4. The active-passive hydraulic control system of claim 3, wherein the control mechanism is a travel valve.

5. The active-passive hydraulic control system of claim 3, wherein the control mechanism is a solenoid valve.

6. The active-passive combination hydraulic control system according to any one of claims 1 to 5, wherein the rodless chamber communicates with the oil intake passage and/or the oil return passage through a first oil passage;

The second one-way valve is arranged on the first oil path.

7. The active-passive hydraulic control system according to any one of claims 1 to 5, wherein the oil intake passage and the oil return passage communicate through a fifth oil passage.
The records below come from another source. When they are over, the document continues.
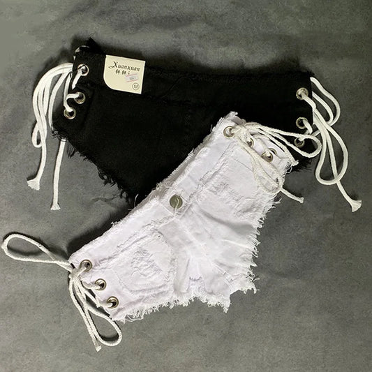 Summer Ripped Side Corns Bandage Denim Shorts Women's Street Fashion Hot Short Jeans Hollow Out Sexy Shorts Female Plus Size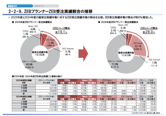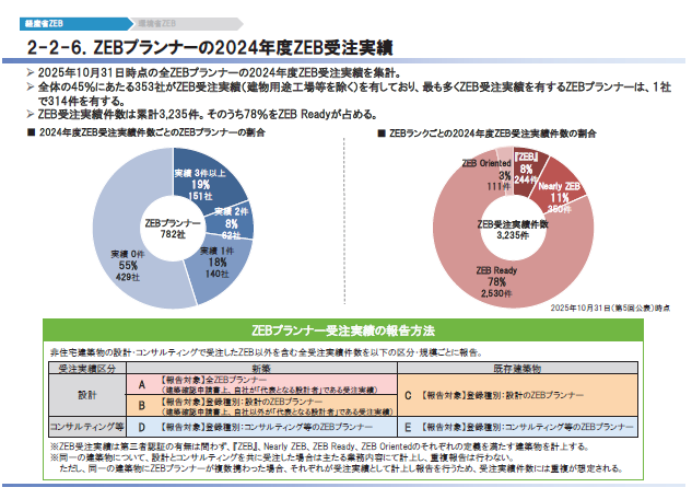 ZEBリーディング・オーナーの登録は増加。同時点の登録事例は771件(540オーナー)に上り、『ZEB』:181件、Nearly ZEB:175件、ZEB Ready:401件、ZEB Oriented:14件と、高水準の省エネを志向する動きが一定数確認された。オーナー主導でZEBを目指す案件が増え、発注側の理解と経験値が蓄積しつつある。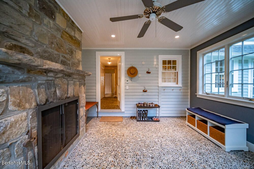 Stenciled wall decorations, historic wallpaper and painted floors keep this Southfield home, once the residence of The Whip Shop proprietors, loyal to its past. But it's been entirely renovated, and along with the three bedrooms and three bathrooms includes a new two-car garage, screened porch, potting room with soapstone garden sink, European style shower and many additional live/work spaces. Listed at $798,000 by Fairgrounds Real Estate.
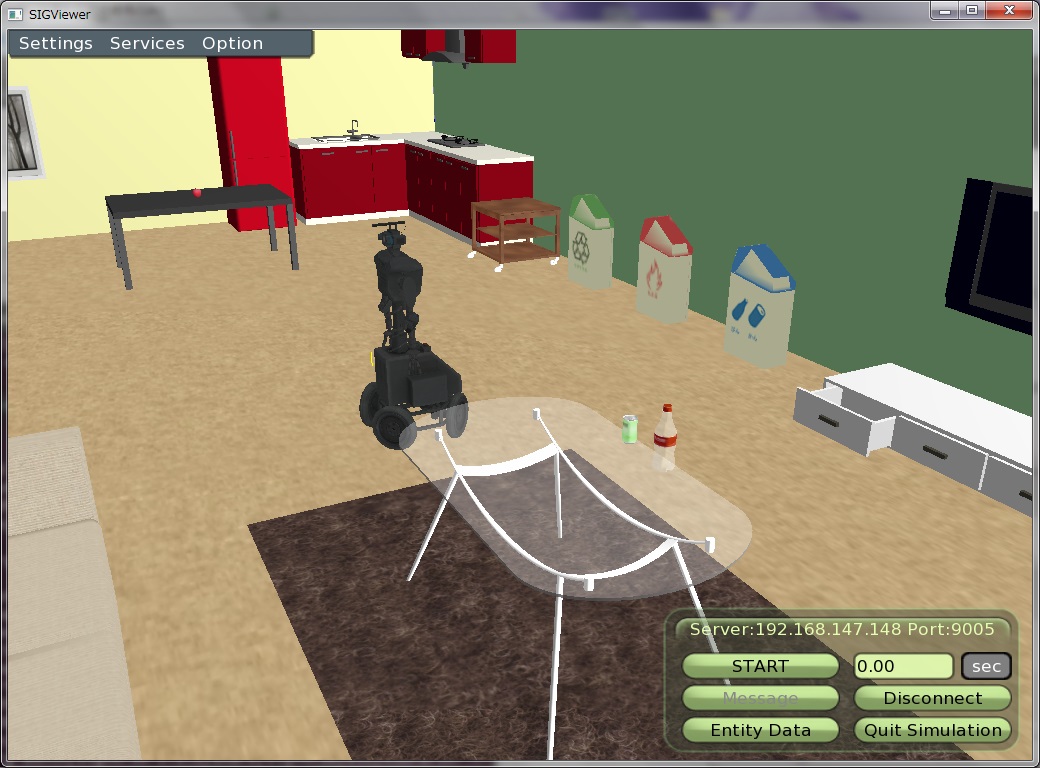 終了するときはゴミ認識サービスプロバイダの終了→ビューワーでシミュレーション終了(もしくはQuit)→ビューワーでdisconnect→サーバの終了の順に行います。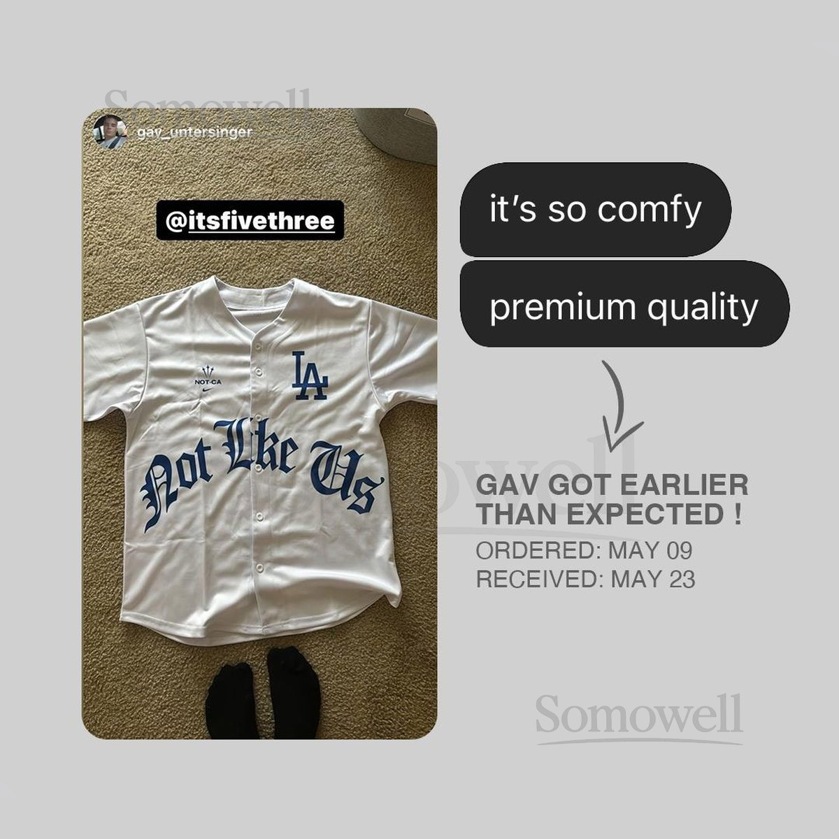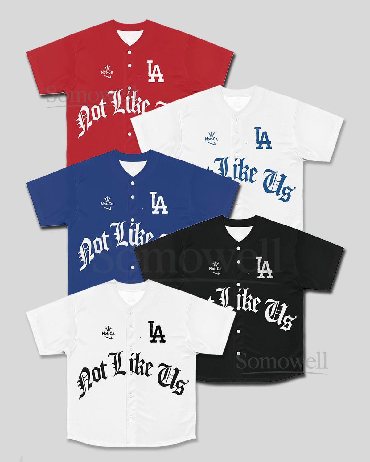 Kendrick Lamar Inspired White Blue Text ‘Not Like Us’ LA Baseball Jersey_477

8. The active-passive hydraulic control system according to any one of claims 1 to 5, wherein the return oil circuit is provided with a solenoid valve.

9. The active-passive hydraulic control system according to any one of claims 1 to 5, wherein the oil intake passage and the oil return passage are provided with relief valves.

10. A dome casting system comprising a casting pipe and the hydraulic control system of any one of claims 1 to 9;

The pouring pipe is connected to the trolley template in a sliding mode, a first end of an oil cylinder in the hydraulic control system is connected with the pouring pipe, and a second end of the oil cylinder in the hydraulic control system is connected with the trolley template.